Dáil debates

Thursday, 5 March 2015

Gender Recognition Bill 2014 [Seanad]: Second Stage (Resumed)

 

2:35 pm

Photo of Seán CroweSeán Crowe (Dublin South West, Sinn Fein) | Oireachtas source

Go raibh maith agat. In May of last year I spoke on the broad precursor of this proposed Gender Recognition Bill. At the time I raised a number of concerns which Sinn Féin shares with transgender individuals and their representative advocacy group, TENI. I recognise and acknowledge that some small changes have been made to the Bill. I have heard many positive remarks from right across the political spectrum. However, a wide range of respected human rights bodies has been telling the Government that there are unacceptable and unnecessary provisions placed in this Bill. For the life of me I do not understand why the Minister for Social Protection has failed to take on board many of these legitimate concerns.

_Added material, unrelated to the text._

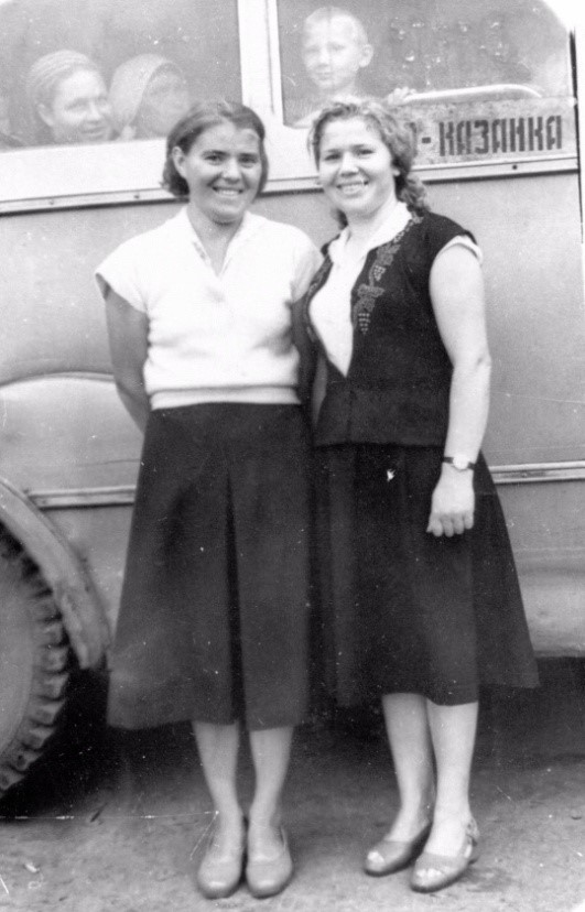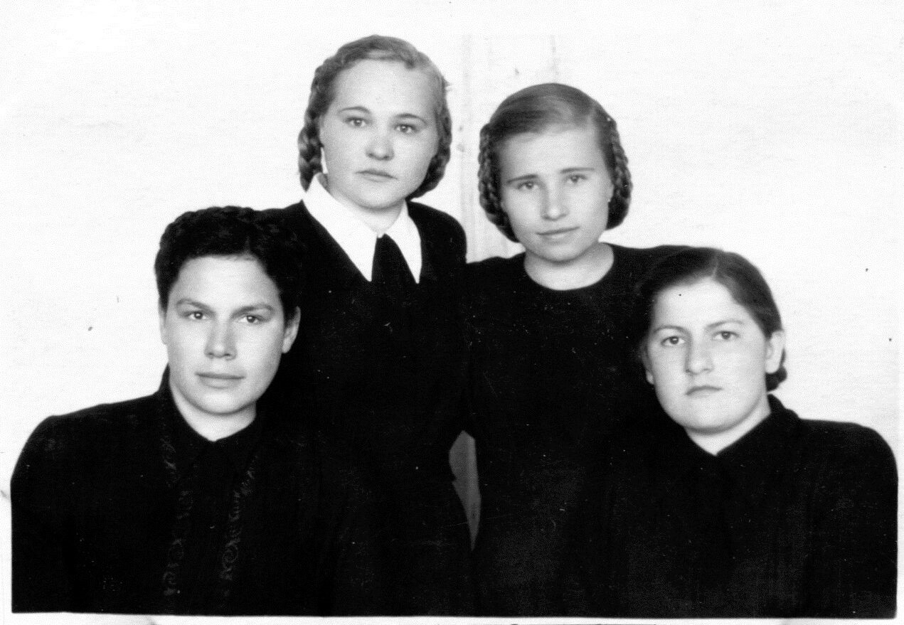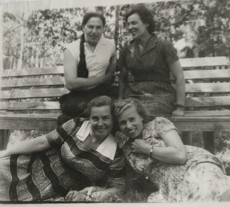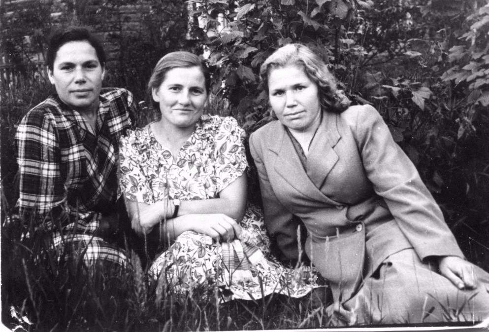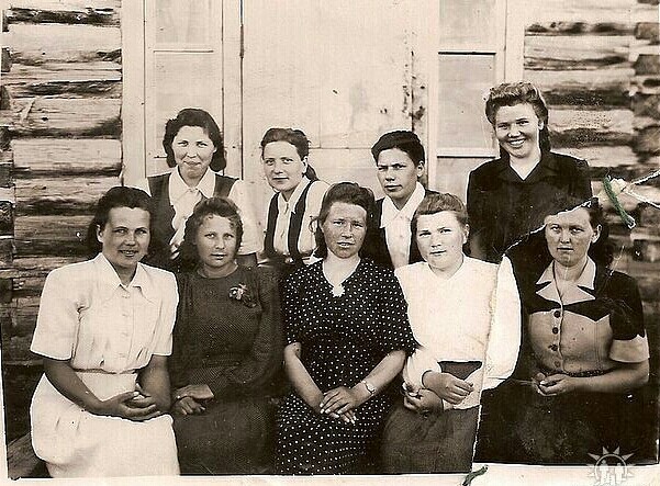 Слева направо: Абакумова Антонина, Минакова Мария, Минакова Антонина, Писарева Христина, Мизгирева Мария. 1952 год

Most of us would agree there is a clear need for a legal framework for trans people to have their gender reflected accurately. It was for this reason that Sinn Féin produced its Bill on this in 2013 which, if enacted, would have given trans people a pathway to legal recognition without having to jump through unnecessary hoops, such as wasting psychiatrists' and endocrinologists' time by having to get official say so from a medical expert about what their gender is when they could just as easily articulate precisely what it is themselves.

I would like to think that our legislation would not have been downright cruel and forced happily married couples to divorce so that one person might have his or her gender accurately recognised. Our legislation was rights-based and we are pleading, even at this later stage, with the Government to recognise the gaping and unnecessary flaws in this Bill. We will end up reluctantly supporting it because people need an avenue for recognition but members of the Labour Party, in particular, need to recognise that this is far from the win on a social issue it is presenting it as. Telling trans people to divorce or they cannot have their gender recognised is insulting in itself but it is a further insult to say that to them and then portray it as giving them some kind of legislative gift. I take no pleasure in saying it is just plain wrong.

I have met a wide range of groups and individuals on this issue and it saddens me that their legitimate views have not been listened to or reflected in this Bill. It does not have to be like this. Originally, there seemed to be the suggestion from the Government that the single requirement, or forced divorce requirement, was necessary because it did not want to inadvertently introduce same-sex marriage. It seems somehow redundant to do this when same-sex marriages from other jurisdictions are legally recognised here and when we are very close to the referendum on this important matter. Trans people who are married or who have families are entitled to the same protection under the law as everyone else and for a State that supposedly holds the institution of marriage in such high regard, it is a bizarre and cruel approach to effectively force divorce on people who may not want it. It violates people's basic rights to equality, and that is before one even gets to the nuts and bolts of this, taking into account that people will have to separate from their families for five years before divorcing. The idea that this State or any state would compel people to do that is appalling, to say the least. Belgium, Georgia, the Netherlands, Portugal, Romania and Spain have all done away with compulsory divorce for gender recognition and those countries have not experienced societal melt down. Let us be inclusive about this and do the same.

There is no constitutional bar to this, so there is no logical reason to institute the State-sanctioned break-up of families so that people can access documentation to accurately reflect who they are. I would go so far as to say that I have my doubts that a law compelling trans persons to be single to avail of legal gender recognition is actually unconstitutional. The Minister and her Department know full well that it is unlikely this provision would be upheld in the European Court of Human Rights. While we uphold the decisions of that court in other cases concerning divorce and gender recognition, they have essentially concerned states where access to divorce was much simpler and far less paternalistic than in this jurisdiction.

It remains the case that this law, in a weird pervasion of justice, would force a happy loving couple to perjure themselves in order to access a divorce, incur huge legal fees and wait five years to get a piece of paper that states their correct gender. That is quite simply a kick in the teeth for trans people. Surely it is perfectly reasonable to ask what the motivations of the Minister for Social Protection are here. I would like her to spell it out for us.